Modification notification
The function has been modified:
return true;
Result
Generated assembly
Here is the generated assembly for our test code:
main:
	movabsq	$3, %r11
.LBB0_1:
	movq	$0, -32(%rsp,%r11,8)
	subq	$1, %r11
	jne	.LBB0_1
	subq	$24, %rsp
	movl	$0, 20(%rsp)
	movl	%edi, 16(%rsp)
	movq	%rsi, 8(%rsp)
	movl	$42, 4(%rsp)
	movb	$0, %al
	callq	f
	movl	$0, %edi
	movl	%eax, (%rsp)
	movl	%edi, %eax
	addq	$24, %rsp
	retq
Test program
Here is a simple test program using unitialized stack variables:
#include <stdio.h>
void f() {
  int i;
  int data[16];
  for(i=0; i!=16; ++i)
    printf("%i ", data[i]);
  printf("\n");
  for(i=0; i!=16; ++i)
    data[i] = i;
}
void g() {
  int i, j, k, l, m, n, o, p;
  printf("%i %i %i %i %i %i %i %i\n", i, j, k, l, m, n, o, p);
}
int main(int argc, char** argv) {
  f();
  f();
  g();
  return 0;
}
This is the output of a normal compilation:
-1 0 -812203224 32767 -406470232 32655 -400476992 32655 -400465496 32655 0 0 1 0 4195997 0 0 1 2 3 4 5 6 7 8 9 10 11 12 13 14 15 16 0 0 15774463 15 14 13 12
And with our stack-cleaning clang:
0 0 0 0 0 0 0 0 0 0 0 0 0 0 0 0 0 0 0 0 0 0 0 0 0 0 0 0 0 0 0 0 0 0 0 0 0 0 0 0
Result on SimGrid
The whole SimGrid test suite works without compiling SimgridMC support.

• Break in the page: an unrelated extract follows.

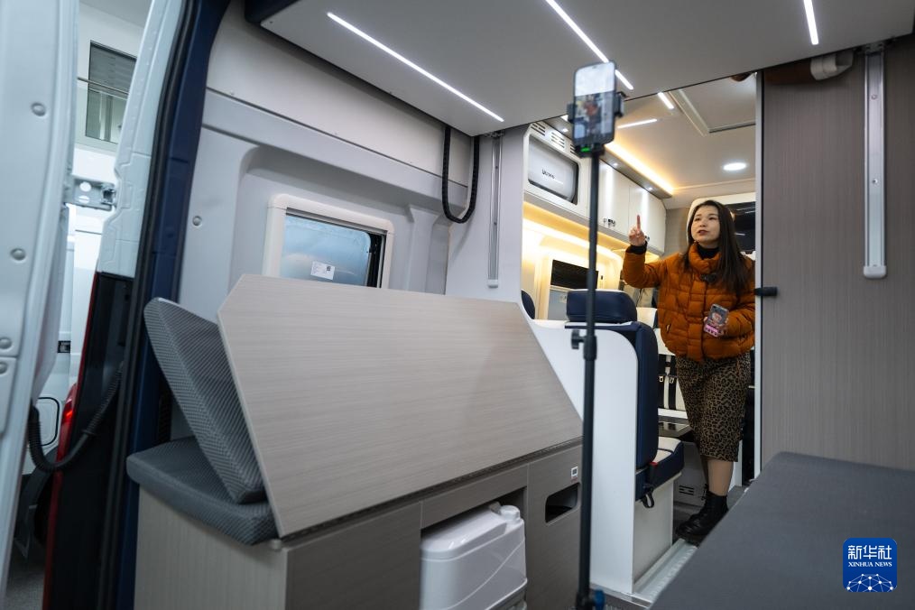 2月14日,主播在湖北威尔特芬房车科技有限公司的一款房车内进行直播推介。

At this point, I discovered that SimGrid fails to run when compiled with clang (or DragonEgg) with support for SimGridMC. I need to fix this first before testing the impact of cleaning the stack on SimGridMC state comparison.
In the next episode, I'll try another implementation of the same concept using a few scripts in order to process the generated assembly between the compiler and the assembler which should work with a standard GCC and with SimGridMC.